Boniface Mwangi, an organizer of the vigil, said the students did not deserve to die.
“You don’t go to school to die, you go to school to study," he said. "Families took loans. Garissa is very far for a family to send its child. ... That means they actually struggled to raise money to send a child there. Then you get back a dead body. That’s not fair at all. Then the government response has been like, 'I don’t really care.' ”
Those taking part in the vigil said they had personal reasons for doing so.
One former university student, Peter Okumu, said he'd come to the event "to be in unison with my friends, fellow comrades who we’ve lost, representing the other alumni who are not able to come here. We are mourning because we lost brothers and sisters. It would have been us had we been in school at this time. So together we mourn them, and we say as much as they have killed them, their vision lives in us, and will make sure that the vision moves forward for a brighter and better Kenya.”
Grace Mageka, a member of Peace Ambassador Kenya, said she had yet to come to terms with why one of the attackers — the son of a local chief in Mandera county and a law school graduate — could carry out such an attack.
“I cannot understand," she said. "This is something the government needs to look and find out what is happening. But the whole thing, it made us to be alert. We have to walk with our heads up.”
In 2013, the father reported his son to the authorities and told them he suspected his son might have joined al-Shabab.
Investigators are trying to learn more about the identity of all the attackers.
Leaders from northeastern Kenya have vowed to name sympathizers, fighters and financiers of the Somali militant group al-Shabab. Kenyan authorities have welcomed that announcement.
Witnesses and survivors of the Garissa University attack and other previous attacks in the country said al-Shabab fighters have divided their victims along religious lines, killing Christians and leaving Muslims to walk free. Security observers say the group is trying to divide the country's majority Christians and minority Muslims.
Jinna Mutune, one of the mourners in central Nairobi, said Kenyans should not be divided by such terror groups and should work on building a prosperous country.

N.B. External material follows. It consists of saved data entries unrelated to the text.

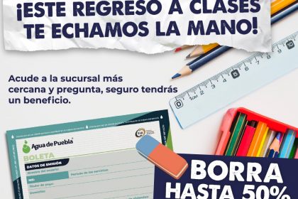 Puebla, Pue., 10 de agosto de 2025 — Porque sabemos que agosto es un mes de muchos gastos, Agua de Puebla lanza el programa especial “Regreso a Clases”, que ofrece a todos los usuarios -domésti...
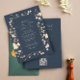 Une faire-part de mariage boho avec une touche moderne. Un cadre fleuri fleur sauvage rose pâle et jaune pâle entoure l'information mariage sur un arrière - plan de la marine. À l'arrière, il y a des espaces modèles pour ajouter des détails et le code QR pour vos invités à scanner et RSVP sur votre site Web. Idéal pour le printemps, l'été d'automne.
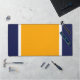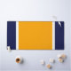 Este diseño deportivo presenta una amplia franja vertical dorada central realzada con rayas blancas contra un fondo azul marino oscuro.

“Kenya belongs to diverse religious groups and we should all stay peacefully together, even if we have different beliefs," Mutune said. "I don’t think religion should be a dividing factor in the fact that we are building a nation called Kenya.”
Tuesday was the last day of national mourning. So far, more than 120 students killed at Garissa have been identified. The process of identification is continuing at a city mortuary. Officials hope to complete the process before the end of the week so that parents can go ahead with funeral and burial arrangements.